**Problem**
Copy each line of the data below exactly, leaving out pictures.

**Material provided**
-----

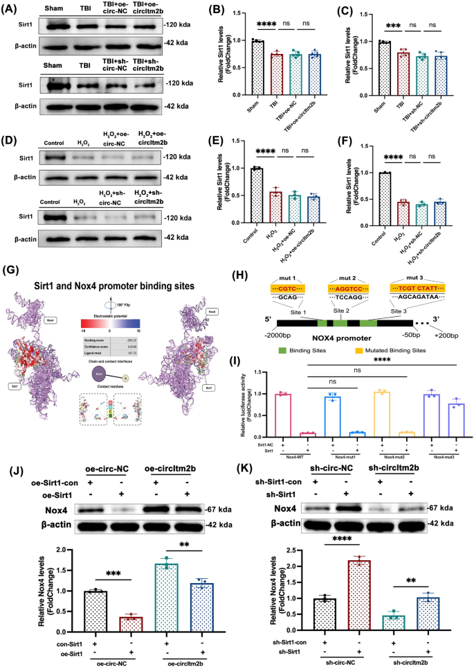 该环节的实验目的是明确Sirt1对Nox4启动子的结合位点,解析circItm2b通过Sirt1调控Nox4表达的分子机制。实验方法为首先通过生物信息学软件预测Nox4启动子区域的Sirt1结合位点,构建野生型(Nox4-WT)和三个突变型(Nox4-mut1、Nox4-mut2、Nox4-mut3)的Nox4启动子荧光素酶报告载体;然后将这些载体分别与Sirt1过表达载体或空载体共转染293T细胞,24小时后检测荧光素酶活性。原文献中该部分的Fig.6I结果描述及图表存在错误,经勘误后修正为:Nox4-WT与Sirt1共转染组的荧光素酶活性显著低于Nox4-mut3与Sirt1共转染组,而Nox4-mut1、Nox4-mut2与Sirt1共转染组的荧光素酶活性与Nox4-WT组无统计学差异(n=3,Nox4-WT + Sirt1 vs Nox4-mut3 + Sirt1,P<0.0001),表明Site 3是Sirt1与Nox4启动子的特异性结合位点。
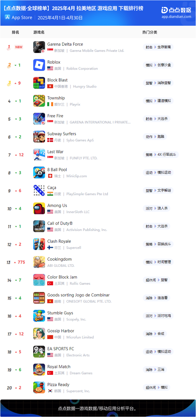 整体来看,拉美市场目前正处于复苏爬升的阶段。越来越多的中国公司不再把拉美视为“全球发行中的一个语言选项”,而是真正组建本地团队、做深度定制化运营,比如冰川网络、莉莉丝、IGG早有布局。另外,像《block blast》《GossipHarbor》《三角洲行动》等产品近期在拉美榜单上的成功,也都印证了这条路是可行的。
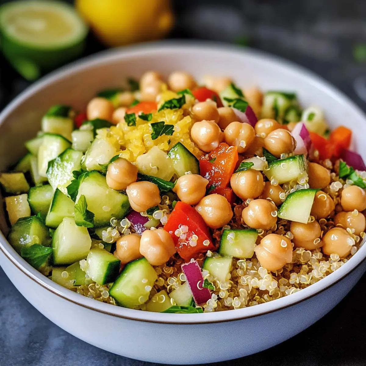 Immer häufig höre ich von Freunden, dass sie auf der Suche nach leichten und gesunden Rezepten sind, die sich schnell zubereiten lassen. Genau für solche Momente ist dieser Quinoa-Salat mit Kichererbsen perfekt geeignet! Die Kombination aus proteinreicher Quinoa, knackigem Gemüse und einer erfrischenden Zitronen-Vinaigrette macht ihn zu einem köstlichen Highlight, das nie langweilig wird. Egal, ob zum sommerlichen Picknick, beim Meal Prep für die Woche oder einfach als gesunde Beilage – dieser Salat bietet nicht nur einen hohen Nährstoffgehalt, sondern ist auch ein wahres Geschmackserlebnis. Wer würde da nicht gerne zugreifen? Bereit, deine Kochkünste auf die nächste Stufe zu heben und gleichzeitig gesunde Ernährung zu genießen?
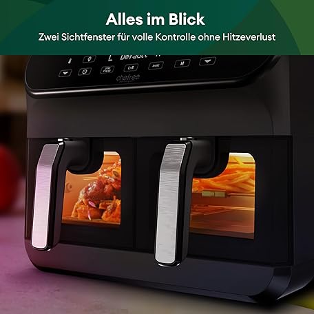 Thông tin sản phẩm CHEFREE Dual Zone AFW20 Hot Air Fryer with Viewing Window, 8L XL Capacity, Double Airfryer, LED Touch Screen, Non-Stick Coating, 8-in-1, Smart and Timer Function, Dishwasher Safe Baskets, Black

-----

**Answer section**
 该环节的实验目的是明确Sirt1对Nox4启动子的结合位点,解析circItm2b通过Sirt1调控Nox4表达的分子机制。实验方法为首先通过生物信息学软件预测Nox4启动子区域的Sirt1结合位点,构建野生型(Nox4-WT)和三个突变型(Nox4-mut1、Nox4-mut2、Nox4-mut3)的Nox4启动子荧光素酶报告载体;然后将这些载体分别与Sirt1过表达载体或空载体共转染293T细胞,24小时后检测荧光素酶活性。原文献中该部分的Fig.6I结果描述及图表存在错误,经勘误后修正为:Nox4-WT与Sirt1共转染组的荧光素酶活性显著低于Nox4-mut3与Sirt1共转染组,而Nox4-mut1、Nox4-mut2与Sirt1共转染组的荧光素酶活性与Nox4-WT组无统计学差异(n=3,Nox4-WT + Sirt1 vs Nox4-mut3 + Sirt1,P<0.0001),表明Site 3是Sirt1与Nox4启动子的特异性结合位点。
 整体来看,拉美市场目前正处于复苏爬升的阶段。越来越多的中国公司不再把拉美视为“全球发行中的一个语言选项”,而是真正组建本地团队、做深度定制化运营,比如冰川网络、莉莉丝、IGG早有布局。另外,像《block blast》《GossipHarbor》《三角洲行动》等产品近期在拉美榜单上的成功,也都印证了这条路是可行的。
 Immer häufig höre ich von Freunden, dass sie auf der Suche nach leichten und gesunden Rezepten sind, die sich schnell zubereiten lassen. Genau für solche Momente ist dieser Quinoa-Salat mit Kichererbsen perfekt geeignet! Die Kombination aus proteinreicher Quinoa, knackigem Gemüse und einer erfrischenden Zitronen-Vinaigrette macht ihn zu einem köstlichen Highlight, das nie langweilig wird. Egal, ob zum sommerlichen Picknick, beim Meal Prep für die Woche oder einfach als gesunde Beilage – dieser Salat bietet nicht nur einen hohen Nährstoffgehalt, sondern ist auch ein wahres Geschmackserlebnis. Wer würde da nicht gerne zugreifen? Bereit, deine Kochkünste auf die nächste Stufe zu heben und gleichzeitig gesunde Ernährung zu genießen?
 Thông tin sản phẩm CHEFREE Dual Zone AFW20 Hot Air Fryer with Viewing Window, 8L XL Capacity, Double Airfryer, LED Touch Screen, Non-Stick Coating, 8-in-1, Smart and Timer Function, Dishwasher Safe Baskets, Black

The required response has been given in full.